Далее Шульц обнаружил, что если обезьяна получала сок в меньшем количестве, чем в предыдущий раз, то выделение дофамина уменьшалось – то есть получение меньшего стимула воспринималось уже как негативное событие. Выдача ожидаемого подарка не вызывала дополнительного удовольствия, и только выдача больше, чем ожидалось, вела к увеличению концентрации дофамина. Животные получали удовольствие только в предвкушении, в момент самого получения они были способны наслаждаться, только если награда оказывалась неожиданно большой.
Постоянная погоня за удовольствиями приводит к разочарованию, даже если мы получаем желаемое – мы расстраиваемся просто оттого, что получили чуть меньше, чем в прошлый раз. Получается, что настоящее, не обманное удовольствие мы ощущаем только в первый раз. Потом мы испытываем предвкушение, но не наслаждение от получения. Мы тратим силы на обретение того, что приносит меньше удовольствия, чем в первый раз, когда же получаем то, к чему стремились, то сравниваем с тем, как было в последний раз, и если получили чуть меньше, то расстраиваемся (хотя в первый раз были рады даже малости). Для того чтобы ощутить удовольствие по-настоящему, теперь нам надо большую дозу вожделенного, с каждым разом все большую – возрастающую геометрически. Но даже если у нас хватит энергии получить огромную дозу, то в конце концов удовольствие исчезнет – мы потеряем чувствительность. Ступая на путь удовольствий, мы попадаем на крутой истощающий подъем, заканчивающийся неожиданным обрывом и крушением.
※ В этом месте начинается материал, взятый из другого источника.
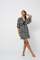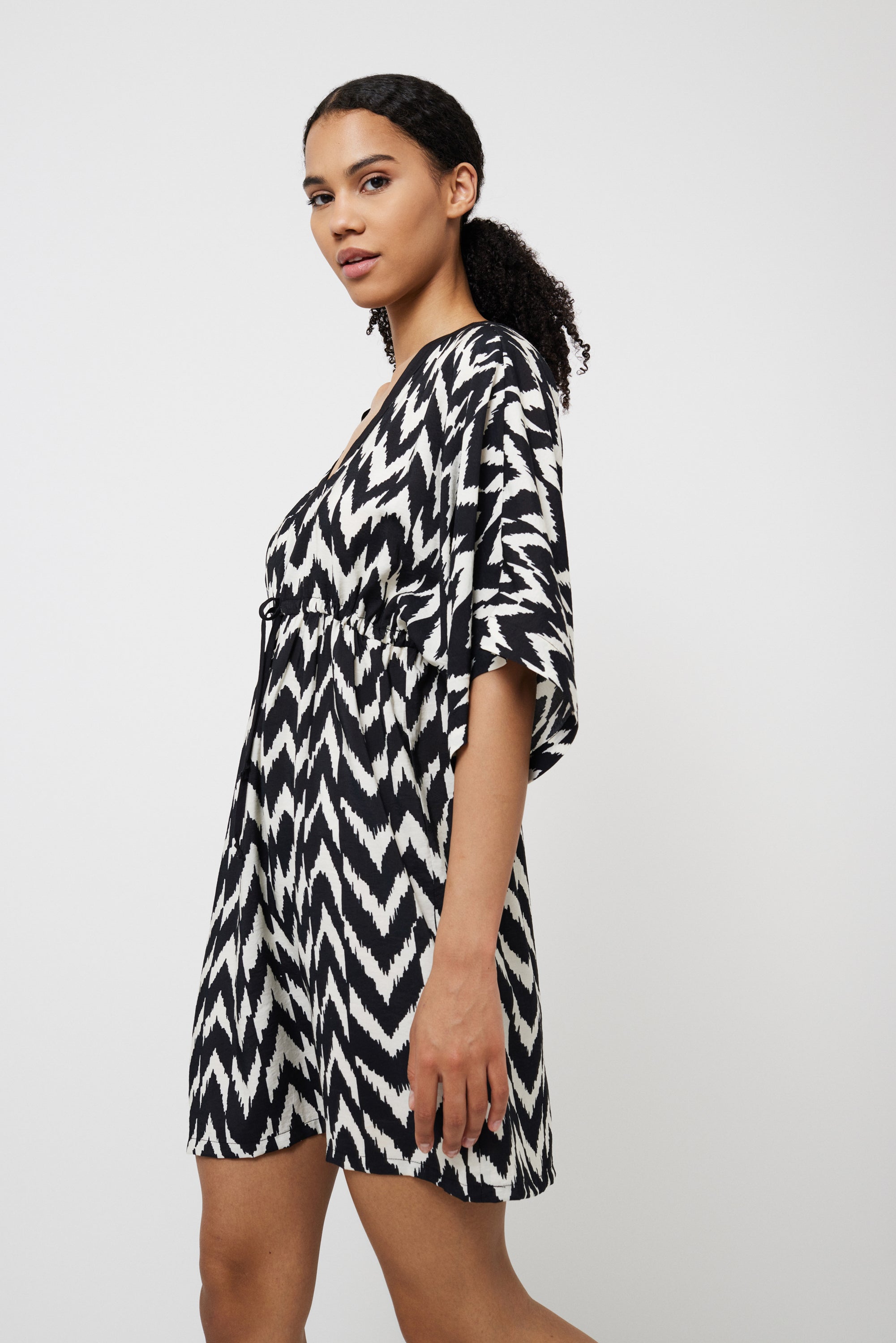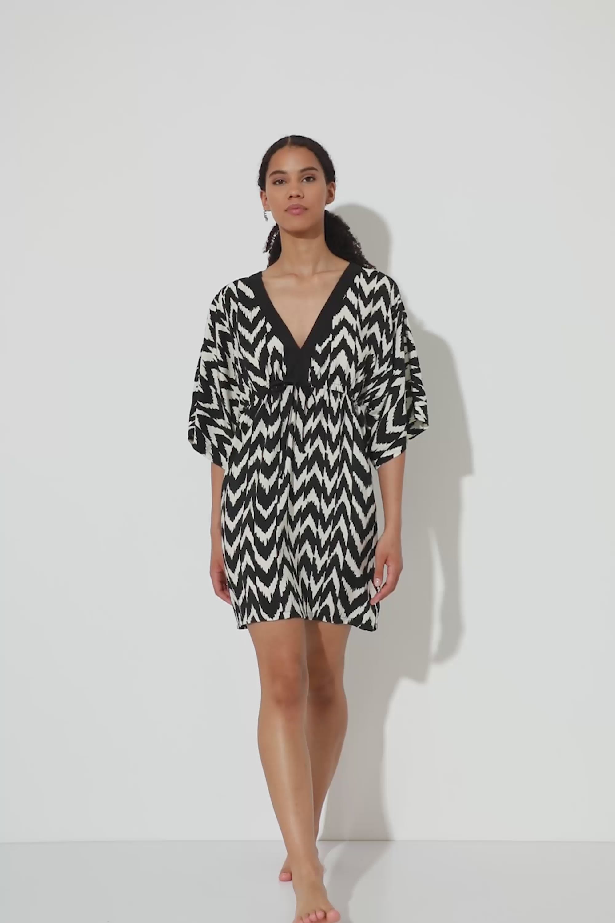- Juodos ir baltos spalvų kimono stiliaus siluetas spinduliuoja nesenstančią rafinuotą estetiką.
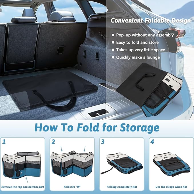 - Simple Setup & Portability:This lightweight portable pet playpen comes with a carrying bag for easy transport, sets up quickly and folds flat, includes two pockets and a water bottle holder, ideal for travel and camping with no assembly required

Напрашивается вывод, что погоня за привычными удовольствиями бессмысленна сама по себе – желаемое не принесет того, что обещает наш мозг!
В свете открытий Шульца можно заглянуть в разные темные области нашего поведения и узнать кое-что интересное – например, о прокрастинации. Очевидно, что мы предпочтем немедленную дофаминовую инъекцию от мелких дел большому и важному проекту, удовольствие от которого уже получили на стадии мечтаний и предвкушений, – мы подсознательно знаем, что удовольствие по окончании большого проекта неадекватно мало по отношению к затраченным усилиям.
Также мы можем наблюдать обилие существ, занятых такой же самостимуляцией, как крысы Олдса, – загляните в любой загруженный работой офис: постоянное суетное решение многочисленных мелких задач отворачивает людей от настоящей жизни – от семьи, дружбы, философии, хобби. «Хороший» работник всецело занят самостимуляцией: решение мелких задач – самый простой способ впрыснуть немного дофамина. Эта суета вовсе не касается карьерного роста, ведь иногда даже лентяи успешно делают карьеру.
Соперничество и карьеризм относятся к более сложному механизму – борьбе за статус, это стайные «обезьяньи»[89]
игры. Но постоянная погруженность в суету, многозадачная самозанятость – это лабораторная «крысиная» игра.Также можно развенчать устойчиво внедряемый на тренингах стереотип о важности такого навыка, как многозадачность, – этот навык действительно важен. Для дофаминового самоудовлетворения, но не больше. Мало кто из бизнес-коучей признается, что обучает не столько эффективности, сколько самоудовлетворению.
Похоже, что наши тела сконструированы таким образом, чтобы не «перегрузить» нас удовольствиями. В чем смысл этого, почему так произошло в ходе эволюции? Наша привычка видеть смысл во всех событиях в очередной раз может сослужить плохую службу. Было бы наивно видеть какую-то конечную цель у такой научной абстракции, как естественный отбор. Еще глупее ожидать, что смыслом естественного процесса, развивающегося в силу происходящих причин, будет создание нашего счастья. И уж совсем дико было бы предполагать, что у такого явления цель совпадает с нашим представлением о счастье. Мы уже выяснили, что наши предки боролись за существование и размножались, и у всей этой бесконечной кадрили вовсе не было цели сделать нас счастливыми. Те, кто выжил, передали гены следующим поколениям и стали нашими предками. Логично, что это были не те, кто счастливее, а те, кто успешнее размножался. Получается, что современные люди снабжены всеми механизмами для успешной передачи своих генов, но о счастье здесь речь не идет.